- [ASSIGNMENT] Copy out the data below from the line containing "フライパンに多めの油を熱し、" to the line containing "Twenty eagle hunters", both lines included, with all images left out.

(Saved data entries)

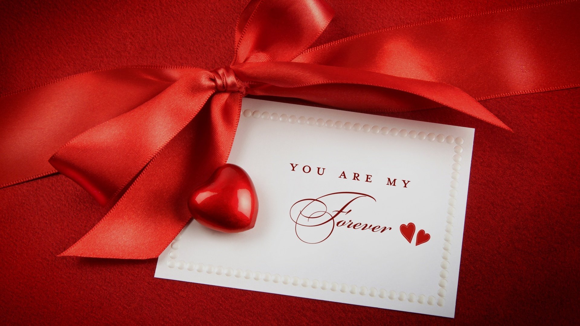 Ein Valentinsgruß mit Anerkennung, der mit einem Bogen verziert ist. Auf rotem Hintergrund
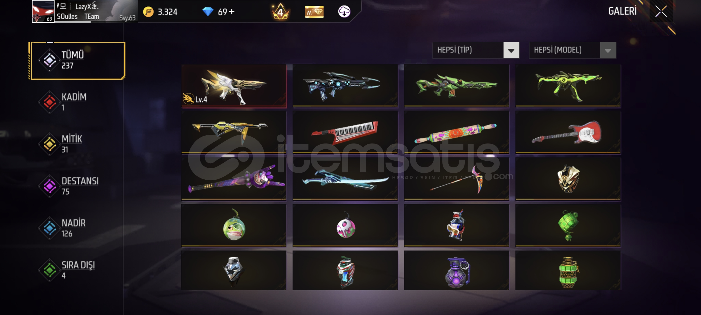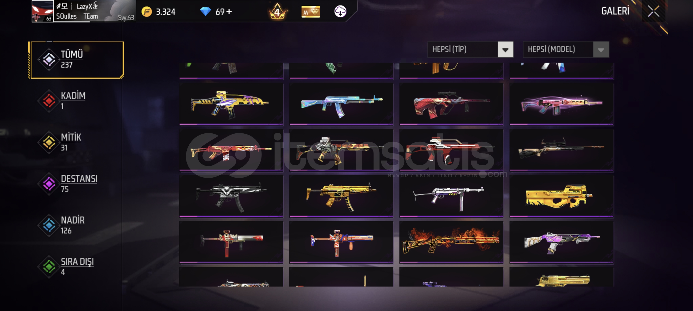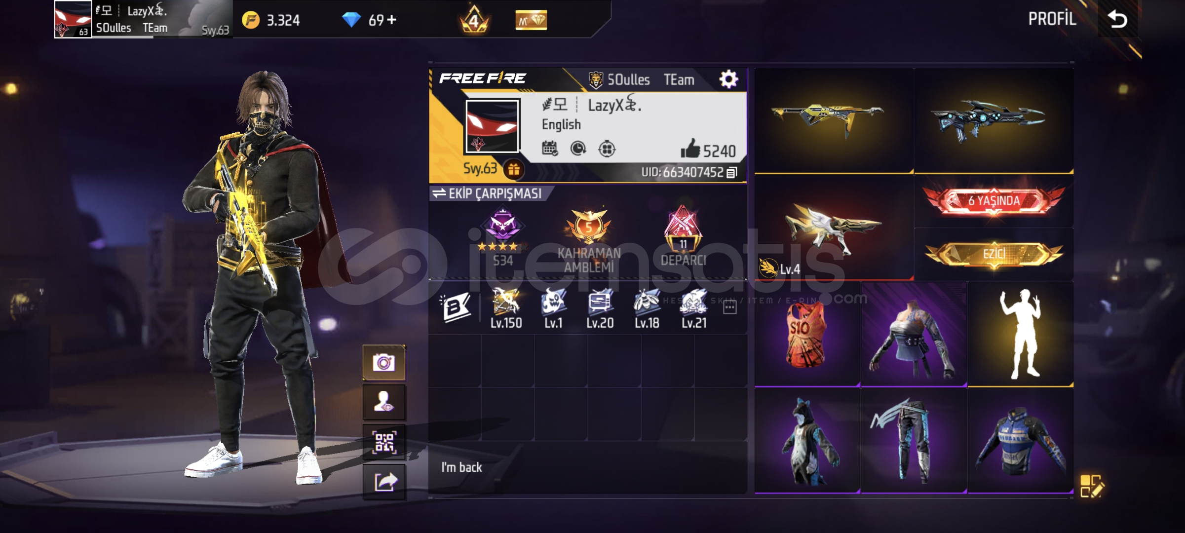 Hesap tek bağ Facebook tur kız erkek kombinleri gayet yeterlidirSilah konusunda gayet iyidir Oyundaki panellerden sıkıldığım için satıyorumDetaylı video veya hızlı geri dönüş için @nigamanahmedoxsi ig hesabına yazabilirsiniz
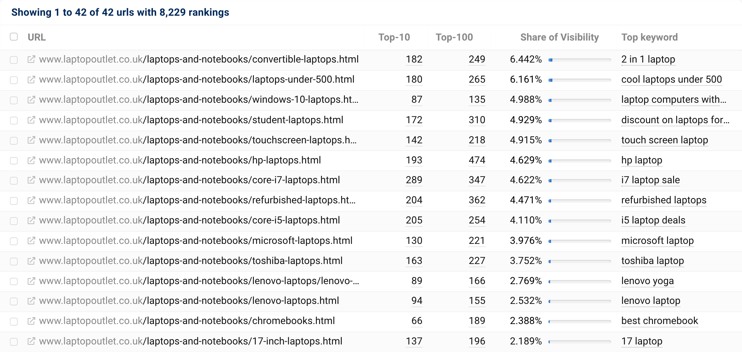 The ranking distribution performace (above) is strong with with 36% of 8339 rankings on page one of Google. As with Jessops, LaptopOutlet’s URLs in this directory are all PLPs.
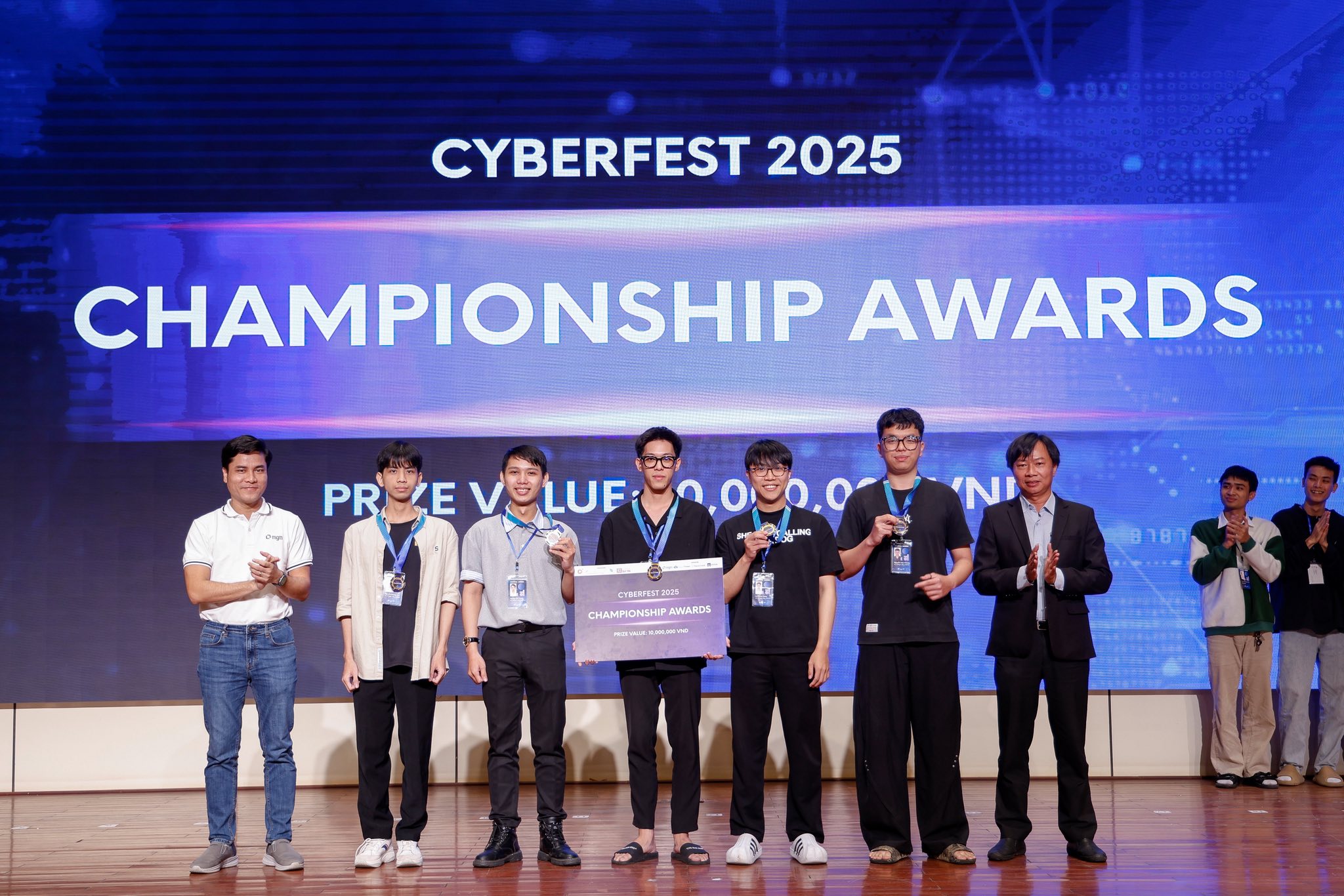 Trải qua 24 giờ thi đấu tập trung, ngôi vị Quán quân của CyberFest 2025 cùng nhiều giải thưởng đã được trao cho các đội tuyển xuất sắc nhất:
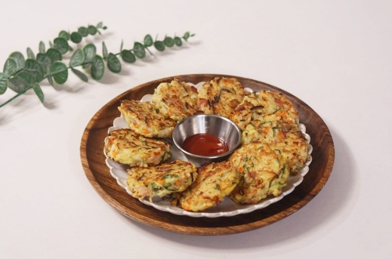 フライパンに多めの油を熱し、中弱火にします。お米の生地をスプーンでひとすくいし、フライパンに落として、円形に少し厚みが出るように形を整えます。両面がきつね色になるまで、焦げ付かないように火加減に注意しながら焼いたら完成です。熱々をお召し上がりください!
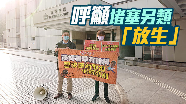 另外,工聯會社會事務委員會兩位成員到高等法院外請願。委員會發言人張先生表示,近日有多名被告人獲法院批准保釋後潛逃;至前日(23日)黎智英涉勾結外國勢力危害國家安全仍准保釋。工聯會認為此舉罔顧有關人士的潛逃風險,有另類「放生」可能;認為保釋條件過於寬容,應重新審視保釋條件準則。
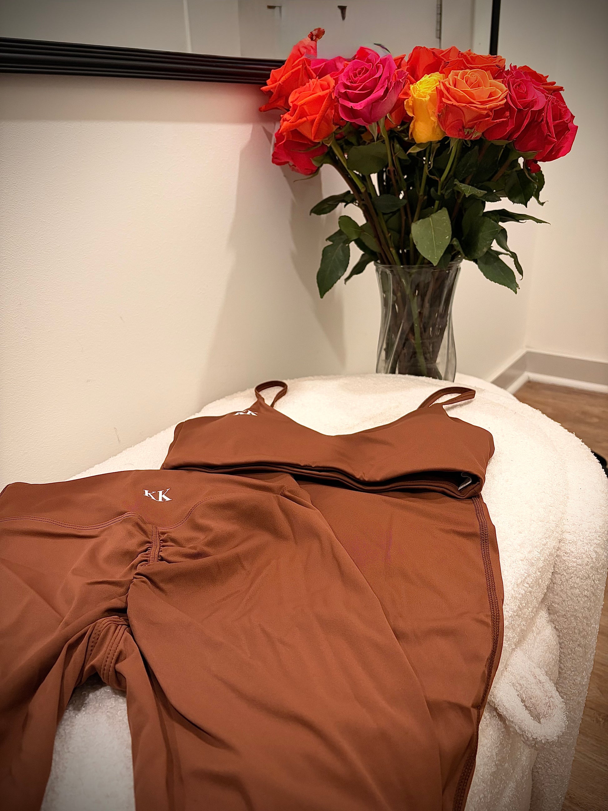 Scrunch butt flare leg pants, featuring V-cut in the front! 🤎
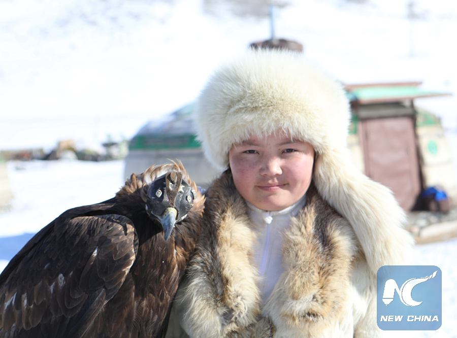Twenty eagle hunters aged 14-86 are competing in the 11th edition of the two-day festival to catch small animals, such as foxes and hares, with specially trained golden eagles, showing off the skills of both the birds and their trainers, according to the Mongolian Eagle Hunter's Association.
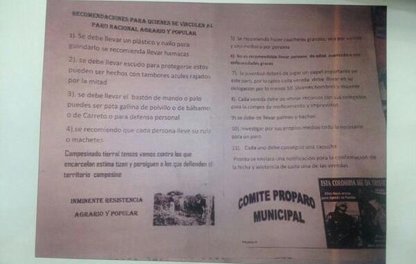 El ministerio de Defensa Nacional reveló a medios de comunicación, una fotografía de un supuesto panfleto de las FARC en el que promueve el Paro Nacional Agrario.
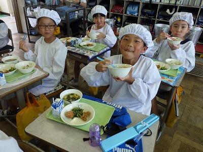 しっかり給食を食べて午後もがんばります。
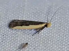 The wingspan is about 12 mm (0.47 in). The costal half of the forewings is creamy white and the dorsal half is dark brown.[3] Adults are on wing from April to October.
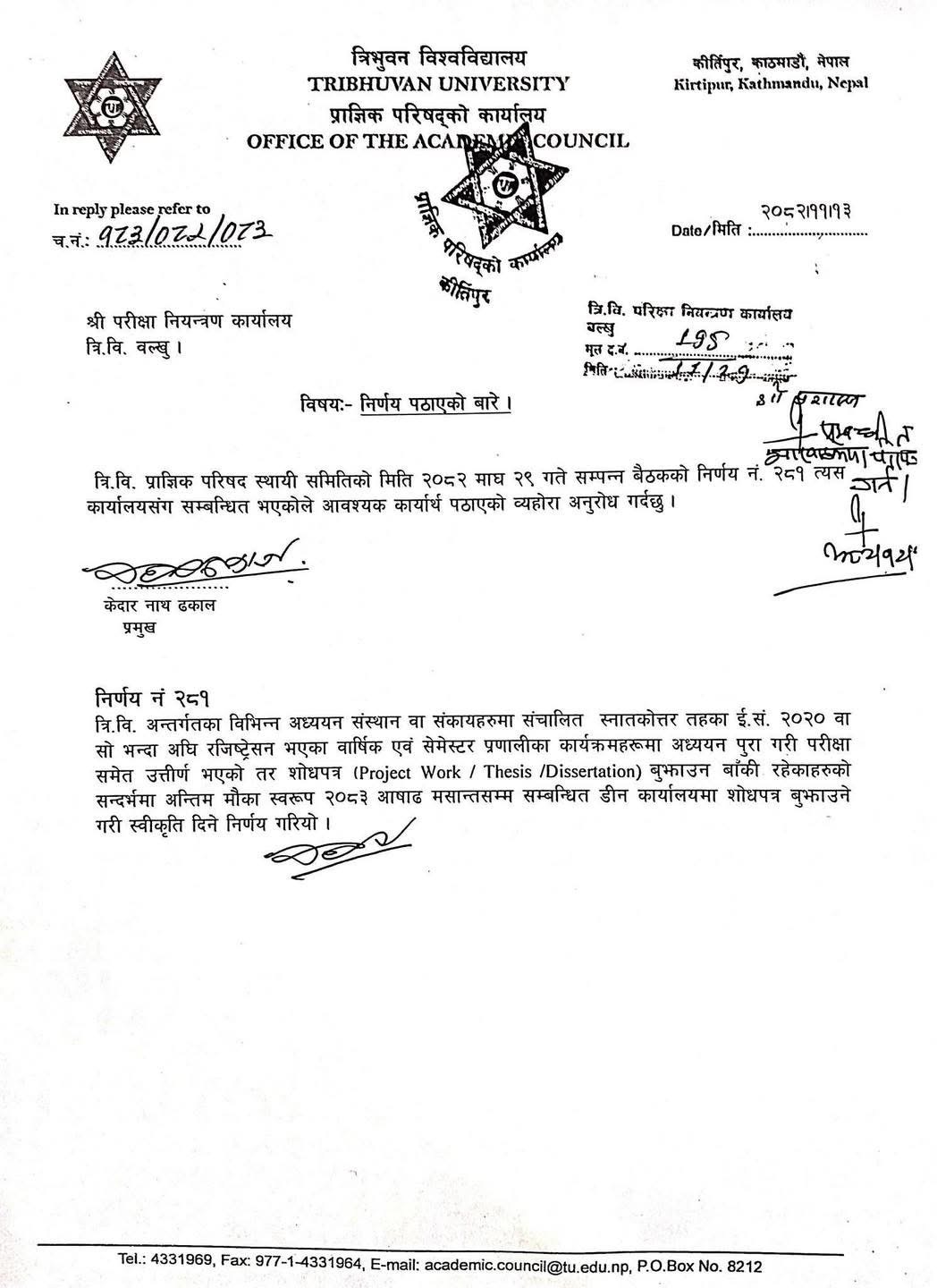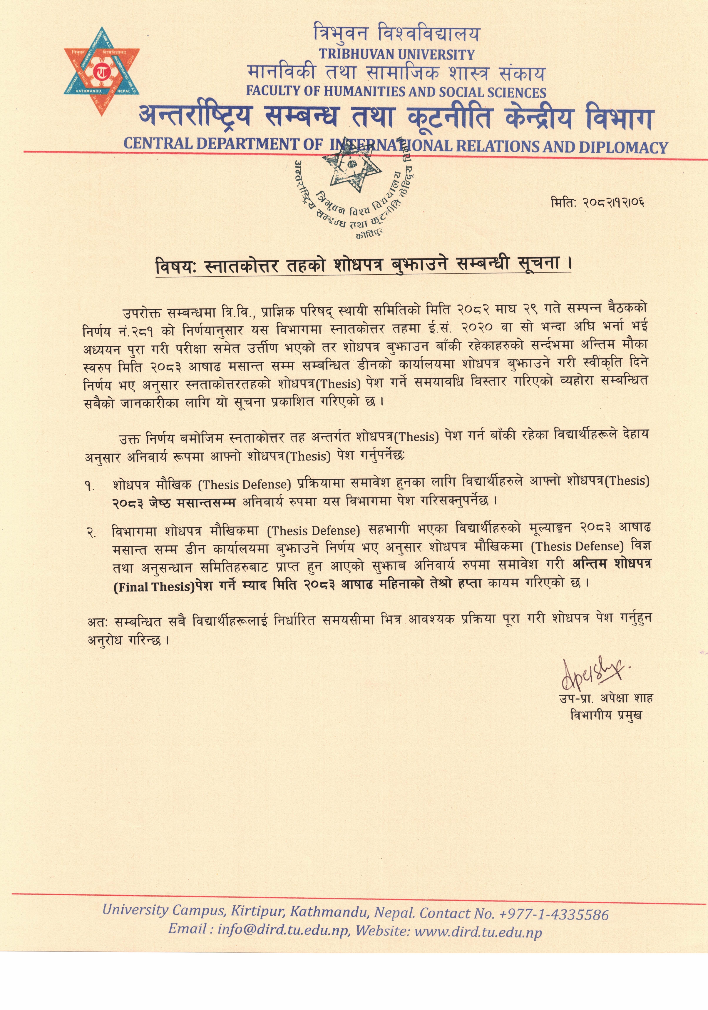स्नातकोत्तर तहको शोधपत्र बुझाउने सम्बन्धी सूचना !
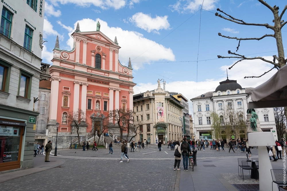 Рядом на площади Прешерна притягивает к себе взгляды розовый фасад церкви Благовещения. Здание было построено в XVII веке монахами-августинцами, но затем перешло к францисканскому ордену. Фасад украшен медной статуей Богородицы, а в западном крыле находится библиотека, в которой хранятся тысячи старинных рукописей.
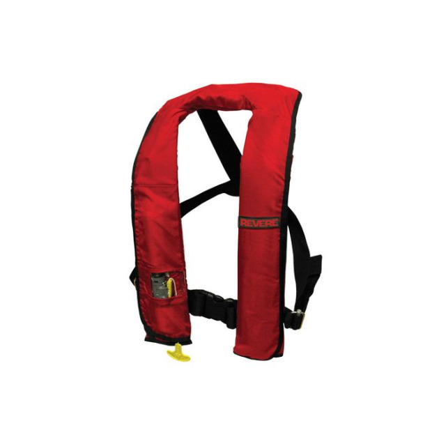 Revere's ComfortMax Inflatable PFDs offer manual and automatic inflation systems, combining comfort with the convenience of instant CO2 inflation technology. They have dual waist adjustment straps for a perfect fit, and a D-ring for connecting a kill-switch lanyard for safety. The heavy-duty 420 Denier nylon fabric covering has a clear status window with a view of the inflation system status indicator.
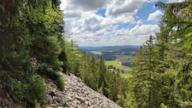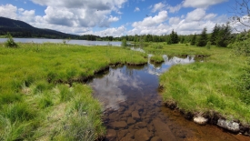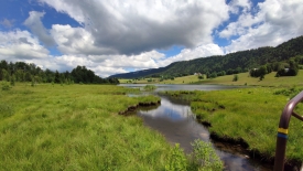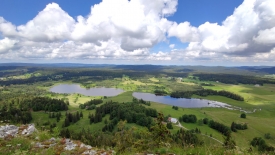 De là, nous avons un magnifique panorama sur deux petits lacs, à gauche le lac de Bellefontaine et à droite le lac des Mortes.
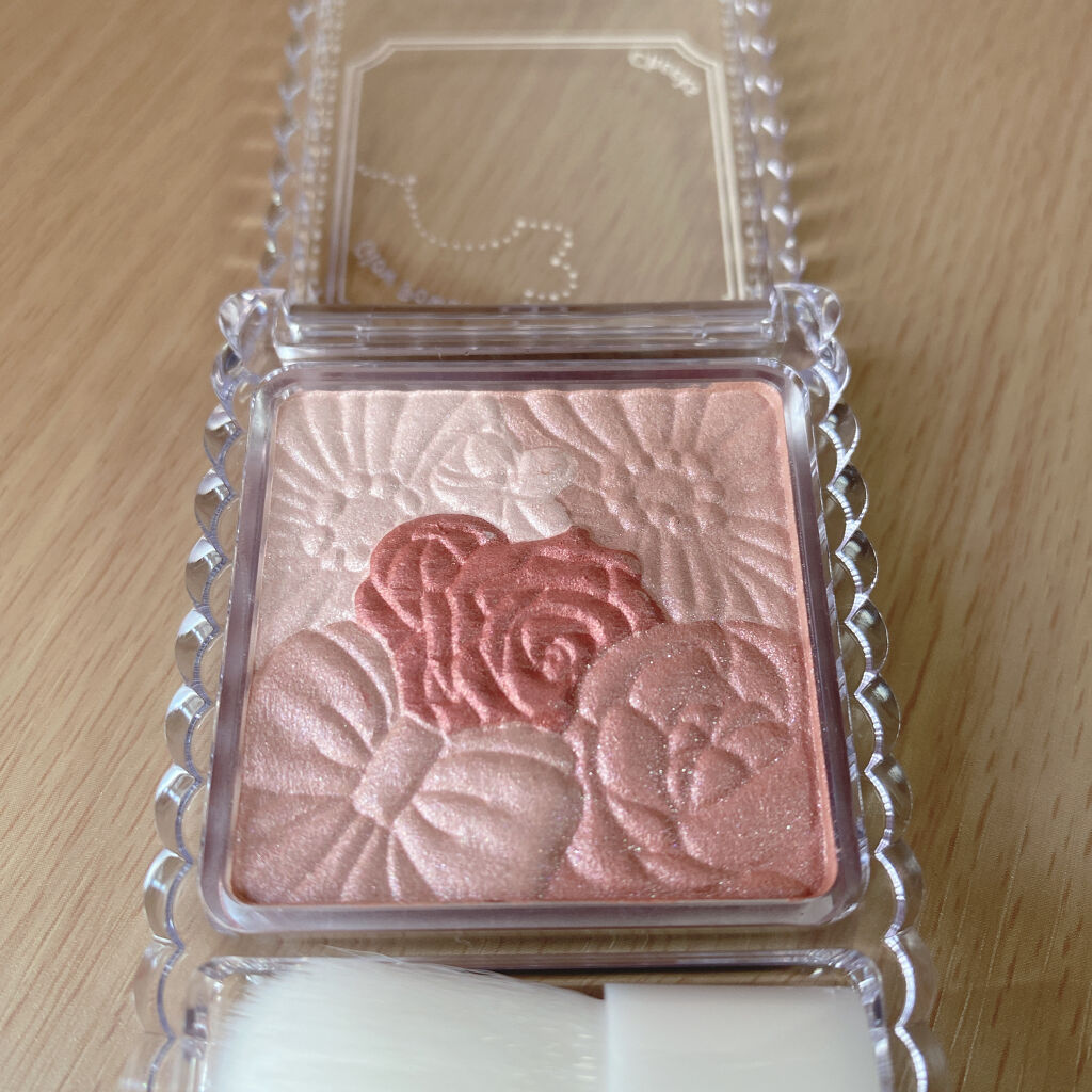 見た目がハート型で可愛いのに 粉質はしっとり付属のブラシもチクチクせず塗布できて660円はすごい🌸 透け感のあるツヤ仕上がりで P04はハイライトとして使うのも◎ 全部色味の違うピンクカラーでその日の気分やメイクに合わせて使い分けてる🌷

- [SOLUTION TO THIS PROBLEM]
 フライパンに多めの油を熱し、中弱火にします。お米の生地をスプーンでひとすくいし、フライパンに落として、円形に少し厚みが出るように形を整えます。両面がきつね色になるまで、焦げ付かないように火加減に注意しながら焼いたら完成です。熱々をお召し上がりください!
 另外,工聯會社會事務委員會兩位成員到高等法院外請願。委員會發言人張先生表示,近日有多名被告人獲法院批准保釋後潛逃;至前日(23日)黎智英涉勾結外國勢力危害國家安全仍准保釋。工聯會認為此舉罔顧有關人士的潛逃風險,有另類「放生」可能;認為保釋條件過於寬容,應重新審視保釋條件準則。
 Scrunch butt flare leg pants, featuring V-cut in the front! 🤎
Twenty eagle hunters aged 14-86 are competing in the 11th edition of the two-day festival to catch small animals, such as foxes and hares, with specially trained golden eagles, showing off the skills of both the birds and their trainers, according to the Mongolian Eagle Hunter's Association.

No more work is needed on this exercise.